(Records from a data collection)
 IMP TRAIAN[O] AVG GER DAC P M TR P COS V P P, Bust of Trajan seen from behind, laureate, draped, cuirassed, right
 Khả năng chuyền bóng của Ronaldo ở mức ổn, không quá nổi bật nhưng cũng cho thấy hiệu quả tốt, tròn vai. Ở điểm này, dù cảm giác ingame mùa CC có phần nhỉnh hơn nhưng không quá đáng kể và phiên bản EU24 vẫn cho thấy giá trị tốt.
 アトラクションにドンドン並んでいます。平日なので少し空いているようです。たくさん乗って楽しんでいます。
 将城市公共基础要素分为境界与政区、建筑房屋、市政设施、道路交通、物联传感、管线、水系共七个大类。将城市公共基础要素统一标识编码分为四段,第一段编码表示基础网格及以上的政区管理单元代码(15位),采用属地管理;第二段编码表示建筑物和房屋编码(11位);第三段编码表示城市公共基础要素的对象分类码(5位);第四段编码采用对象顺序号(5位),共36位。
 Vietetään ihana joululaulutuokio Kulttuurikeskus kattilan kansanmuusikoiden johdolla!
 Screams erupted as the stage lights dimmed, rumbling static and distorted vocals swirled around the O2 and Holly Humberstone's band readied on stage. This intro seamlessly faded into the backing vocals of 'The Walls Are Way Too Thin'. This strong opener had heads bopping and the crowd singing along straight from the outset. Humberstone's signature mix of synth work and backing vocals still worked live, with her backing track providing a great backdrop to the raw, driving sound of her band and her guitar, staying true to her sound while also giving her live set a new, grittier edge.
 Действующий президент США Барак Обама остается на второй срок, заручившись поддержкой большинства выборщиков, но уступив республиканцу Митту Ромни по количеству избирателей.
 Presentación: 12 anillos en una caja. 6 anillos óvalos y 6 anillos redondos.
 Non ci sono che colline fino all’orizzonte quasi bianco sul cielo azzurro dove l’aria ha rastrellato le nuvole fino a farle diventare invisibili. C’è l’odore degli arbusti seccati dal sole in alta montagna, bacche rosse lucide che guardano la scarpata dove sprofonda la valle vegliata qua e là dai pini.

- [Exercise directions]: Each record above is to be reproduced word for word.

- [Result for this exercise]:
 IMP TRAIAN[O] AVG GER DAC P M TR P COS V P P, Bust of Trajan seen from behind, laureate, draped, cuirassed, right
 Khả năng chuyền bóng của Ronaldo ở mức ổn, không quá nổi bật nhưng cũng cho thấy hiệu quả tốt, tròn vai. Ở điểm này, dù cảm giác ingame mùa CC có phần nhỉnh hơn nhưng không quá đáng kể và phiên bản EU24 vẫn cho thấy giá trị tốt.
 アトラクションにドンドン並んでいます。平日なので少し空いているようです。たくさん乗って楽しんでいます。
 将城市公共基础要素分为境界与政区、建筑房屋、市政设施、道路交通、物联传感、管线、水系共七个大类。将城市公共基础要素统一标识编码分为四段,第一段编码表示基础网格及以上的政区管理单元代码(15位),采用属地管理;第二段编码表示建筑物和房屋编码(11位);第三段编码表示城市公共基础要素的对象分类码(5位);第四段编码采用对象顺序号(5位),共36位。
 Vietetään ihana joululaulutuokio Kulttuurikeskus kattilan kansanmuusikoiden johdolla!
 Screams erupted as the stage lights dimmed, rumbling static and distorted vocals swirled around the O2 and Holly Humberstone's band readied on stage. This intro seamlessly faded into the backing vocals of 'The Walls Are Way Too Thin'. This strong opener had heads bopping and the crowd singing along straight from the outset. Humberstone's signature mix of synth work and backing vocals still worked live, with her backing track providing a great backdrop to the raw, driving sound of her band and her guitar, staying true to her sound while also giving her live set a new, grittier edge.
 Действующий президент США Барак Обама остается на второй срок, заручившись поддержкой большинства выборщиков, но уступив республиканцу Митту Ромни по количеству избирателей.
 Presentación: 12 anillos en una caja. 6 anillos óvalos y 6 anillos redondos.
 Non ci sono che colline fino all’orizzonte quasi bianco sul cielo azzurro dove l’aria ha rastrellato le nuvole fino a farle diventare invisibili. C’è l’odore degli arbusti seccati dal sole in alta montagna, bacche rosse lucide che guardano la scarpata dove sprofonda la valle vegliata qua e là dai pini.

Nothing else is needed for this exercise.